Assignment:
From the first line to the last, output the data exactly as it stands, minus its pictures.

Dataset extract:
════════════════
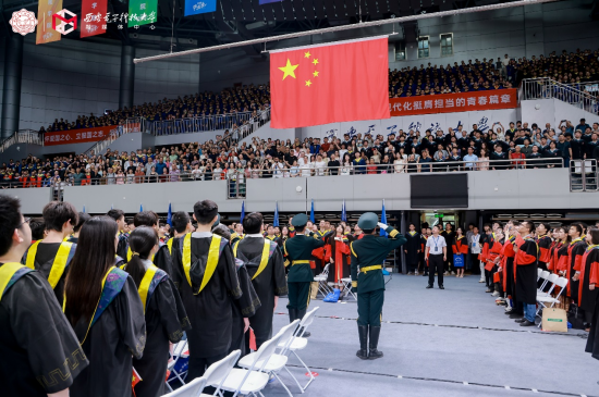 伴随着《红旗颂》宏伟庄严、气壮山河的旋律响起,一面巨幅中国共产党党旗在毕业典礼现场徐徐展开。这面凝聚着千钧力量的旗帜,由现场千余名师生共同托起,庄严传递。
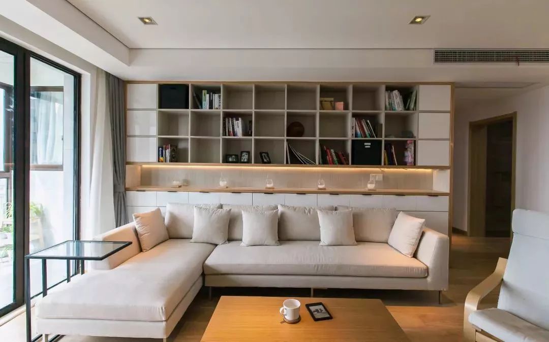 客厅沙发墙,装了一排储物柜,上面的开放展示架,收纳书籍与装饰品,地柜上方是一排留空的隔层,内嵌灯带,温馨而又有层次感。
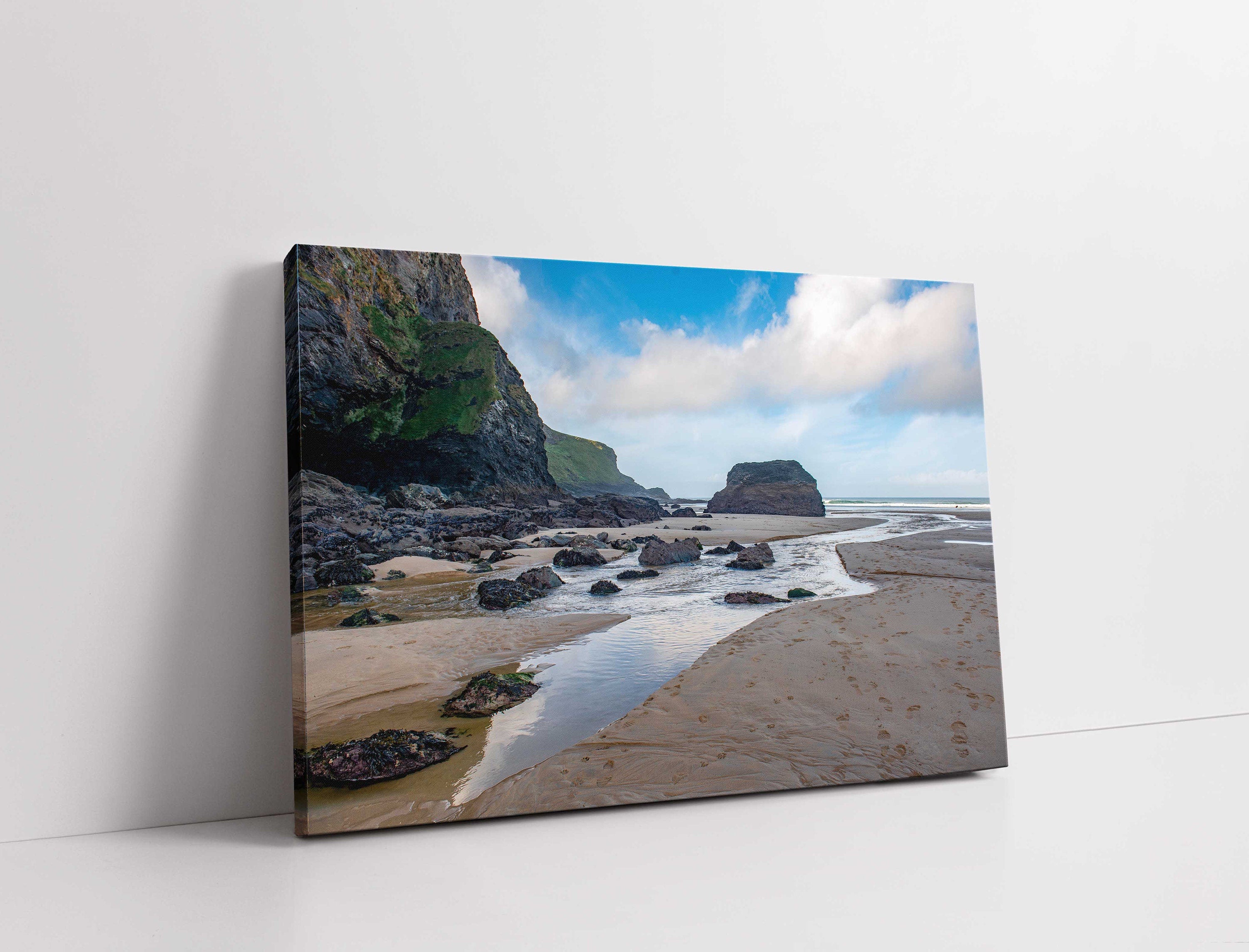 Mawgan Porth Beach at low tide Cornwall. Canvas picture print seascape landscape
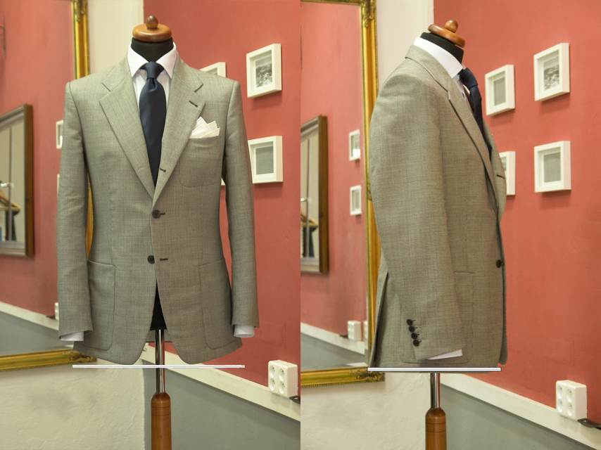 Примерку костюма обычно начинают с пиджака. Идеальный костюм шьётся из специальных качественных тканей, в шерсть добавляют небольшое количество шёлковых и синтетических волокон, чтобы ткань лучше смотрелась и дольше служила. Пиджак не должен быть коротким, изгиб ягодиц закрыт, но линия ног при этом открыта.
════════════════
Written answer:
 伴随着《红旗颂》宏伟庄严、气壮山河的旋律响起,一面巨幅中国共产党党旗在毕业典礼现场徐徐展开。这面凝聚着千钧力量的旗帜,由现场千余名师生共同托起,庄严传递。
 客厅沙发墙,装了一排储物柜,上面的开放展示架,收纳书籍与装饰品,地柜上方是一排留空的隔层,内嵌灯带,温馨而又有层次感。
 Mawgan Porth Beach at low tide Cornwall. Canvas picture print seascape landscape
 Примерку костюма обычно начинают с пиджака. Идеальный костюм шьётся из специальных качественных тканей, в шерсть добавляют небольшое количество шёлковых и синтетических волокон, чтобы ткань лучше смотрелась и дольше служила. Пиджак не должен быть коротким, изгиб ягодиц закрыт, но линия ног при этом открыта.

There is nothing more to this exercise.